What Dick Layman Taught Me
Brian Gongol


Radio newsman Dick Layman was laid to rest today. His sudden death at age 59 was untimely and leaves the community worse-off.

Dick came to the WHO Radio newsroom in 1998, slated for a role as the news anchor during the morning drive-time program. At the time, I was a young reporter -- still in college, with just a year's experience at the station under my belt. Dick may have been the new guy, but he was a veteran of many years in the business, both in Des Moines and in other markets.

It quickly became a game within the newsroom to wager just how much Dick could abbreviate a story while reading it on the air. You have to understand that, at the time, a good radio news story done from the newsroom took about an hour to hammer out: Ten or fifteen minutes for an interview, another ten or so for fact-checking and editing, five or ten minutes' worth of writing (at the time, we generally scripted two or three versions of a story to be read by other anchors, plus one mainly narrated by the reporter.

People may not recognize the kind of skill it takes to compress a story full of the classic "Who, what, when, where, why, and how" into radio length -- 30 or 40 seconds, at most. (Why so short? Well, if someone can convince you to buy a car in 30 seconds, we should probably be able to tell a story in that time as well.) It's hard to do well, and a good reporter takes pride in making an art of it.

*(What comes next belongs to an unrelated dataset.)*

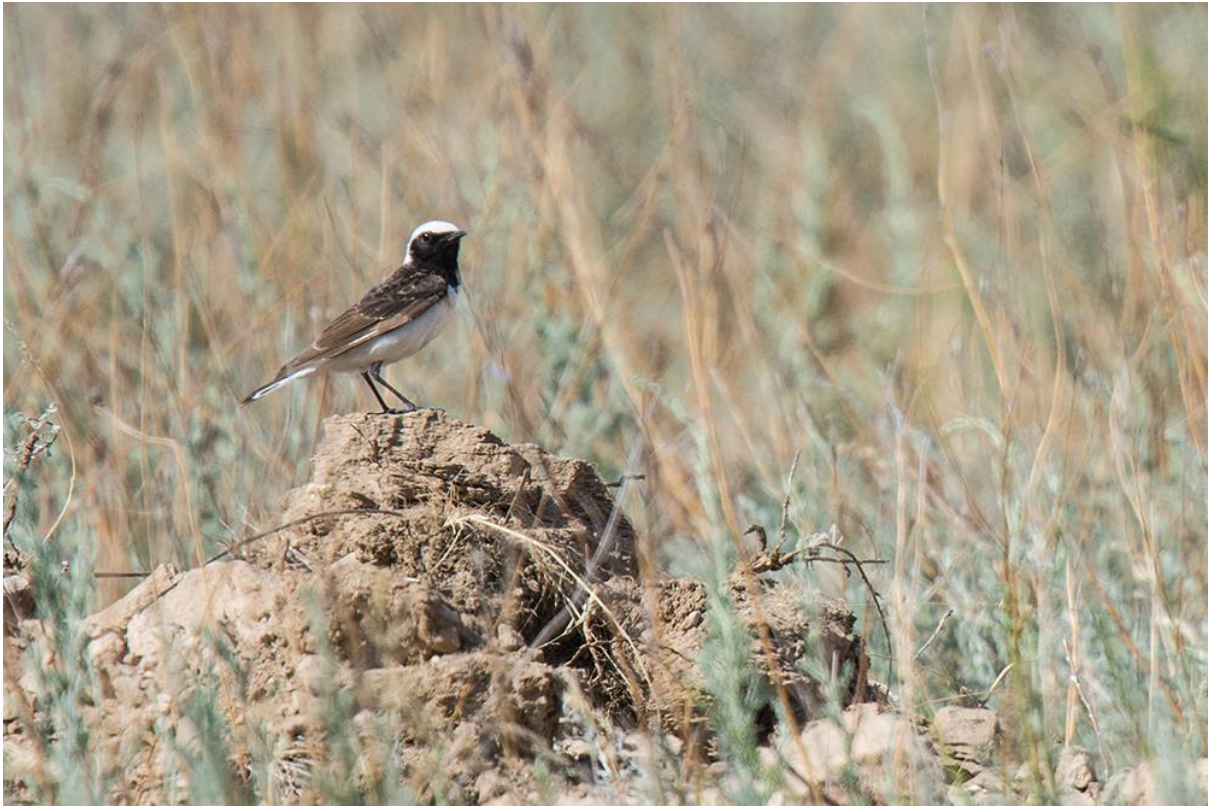
The Pied wheatear is a characteristic bird in the semi-desert

That's why it was easy to take it the wrong way when that tightly-written, lovingly-crafted 30-second piece that couldn't possibly have gotten any shorter...got squeezed into a 5- or 10-word sentence fragment as Dick rapped his fingers across the keyboard. Frustrating though those abbreviations might have been (and the ego of a cub reporter is most easily shaken), what was too easy to have missed was that Dick was doing what good could be done, even if it was little, rather than doing no good at all.

Morning radio moves at a frantic pace, and looking back upon it, I realize that Dick was getting as much good as he could squeeze into the razor-thin wedges of time he sometimes had. Better that the work of many of us could be heard -- even in stacatto, half-dozen-word bursts -- than that our stories not be told at all. This, really, was classic news-professional thinking. Dick knew that he had the audience for only a moment, and that it often was best just to grab them for just long enough to wedge an idea or a question into their heads so that they'd stick around for the full story later.

He carried this choice to doing what good can be done, even when it's only a little through to his weekend morning show, "Saturday Morning Live". Dick had the personality (and personability) to have carried his own morning show five days a week, but that wasn't his particular calling. But he did the good that was there to be done by showing up on Saturday mornings for his chance to host. Most people don't choose to go to the workplace six mornings a week -- much less six very early mornings every week. But Dick was there, always in good cheer and good humor, doing good for his audience of listeners.

It's neither right nor fair that Dick Layman is no longer with us to do that kind of good he did. But it is much to his credit that he did while he was among us. A little good, done over and over again, can amount to a lot of greatness.